PROBLEM TO SOLVE
In the material below, please retype the lines from the very first through the one with "玩家进入到山洞之后可以看到山", exactly and without pictures.

DATA RECORDS

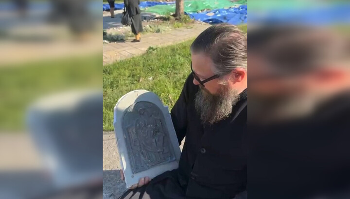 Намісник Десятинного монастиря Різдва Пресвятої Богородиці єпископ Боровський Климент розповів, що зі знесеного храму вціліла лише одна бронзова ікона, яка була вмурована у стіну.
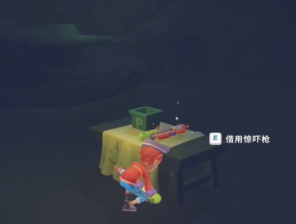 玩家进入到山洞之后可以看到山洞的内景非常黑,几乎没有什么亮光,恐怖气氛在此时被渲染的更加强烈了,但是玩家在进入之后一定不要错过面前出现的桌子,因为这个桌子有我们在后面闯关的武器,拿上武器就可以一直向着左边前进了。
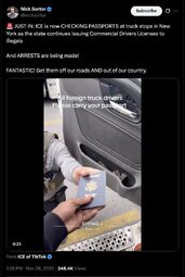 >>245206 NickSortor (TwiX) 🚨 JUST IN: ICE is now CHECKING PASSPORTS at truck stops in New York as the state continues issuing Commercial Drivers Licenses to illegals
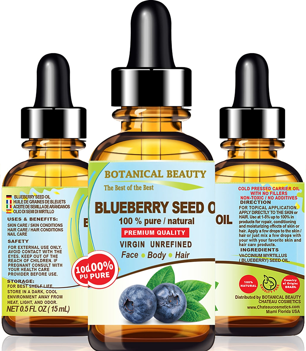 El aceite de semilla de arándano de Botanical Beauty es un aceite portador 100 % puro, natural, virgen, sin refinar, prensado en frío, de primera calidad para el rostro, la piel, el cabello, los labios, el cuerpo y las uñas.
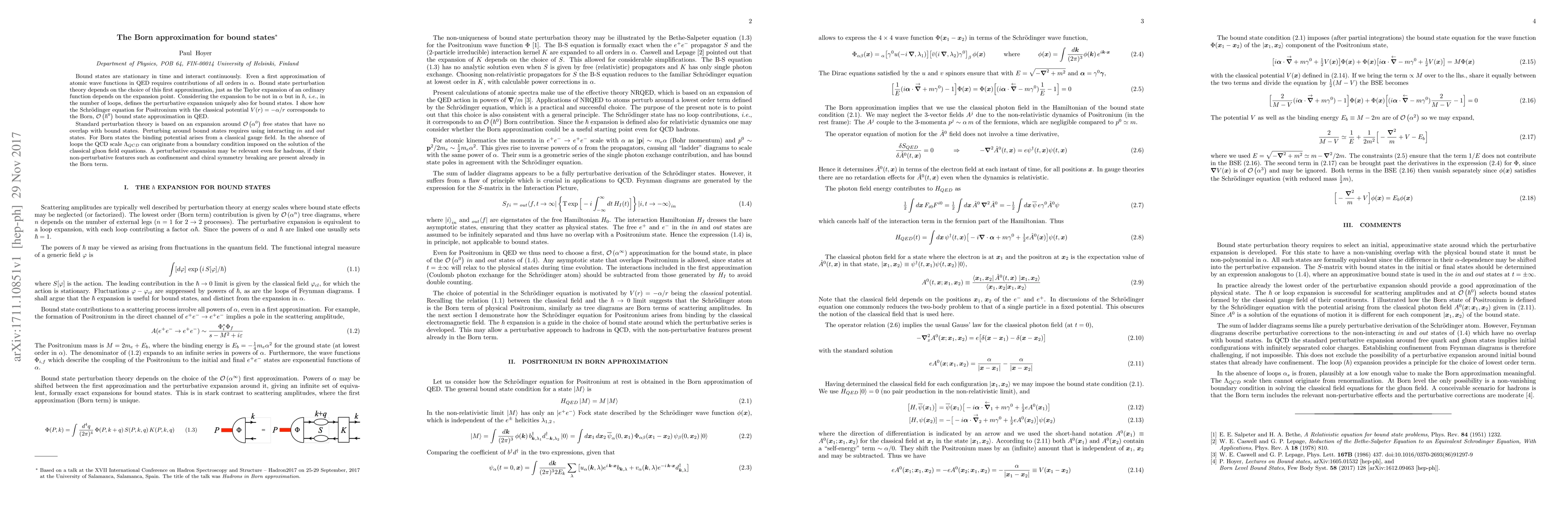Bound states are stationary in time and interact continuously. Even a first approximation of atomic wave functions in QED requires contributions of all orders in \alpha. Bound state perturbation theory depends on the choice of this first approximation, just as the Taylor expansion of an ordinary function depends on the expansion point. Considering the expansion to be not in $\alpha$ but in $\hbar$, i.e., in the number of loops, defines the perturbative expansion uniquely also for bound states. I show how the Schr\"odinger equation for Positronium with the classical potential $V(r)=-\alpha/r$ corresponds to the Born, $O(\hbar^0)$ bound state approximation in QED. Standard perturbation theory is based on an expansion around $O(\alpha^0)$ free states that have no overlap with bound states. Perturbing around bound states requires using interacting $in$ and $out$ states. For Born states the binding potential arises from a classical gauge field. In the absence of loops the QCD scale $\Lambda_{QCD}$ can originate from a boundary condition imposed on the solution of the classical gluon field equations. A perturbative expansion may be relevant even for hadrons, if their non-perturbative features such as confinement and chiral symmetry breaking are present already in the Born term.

ANSWER BELOW
 Намісник Десятинного монастиря Різдва Пресвятої Богородиці єпископ Боровський Климент розповів, що зі знесеного храму вціліла лише одна бронзова ікона, яка була вмурована у стіну.
 玩家进入到山洞之后可以看到山洞的内景非常黑,几乎没有什么亮光,恐怖气氛在此时被渲染的更加强烈了,但是玩家在进入之后一定不要错过面前出现的桌子,因为这个桌子有我们在后面闯关的武器,拿上武器就可以一直向着左边前进了。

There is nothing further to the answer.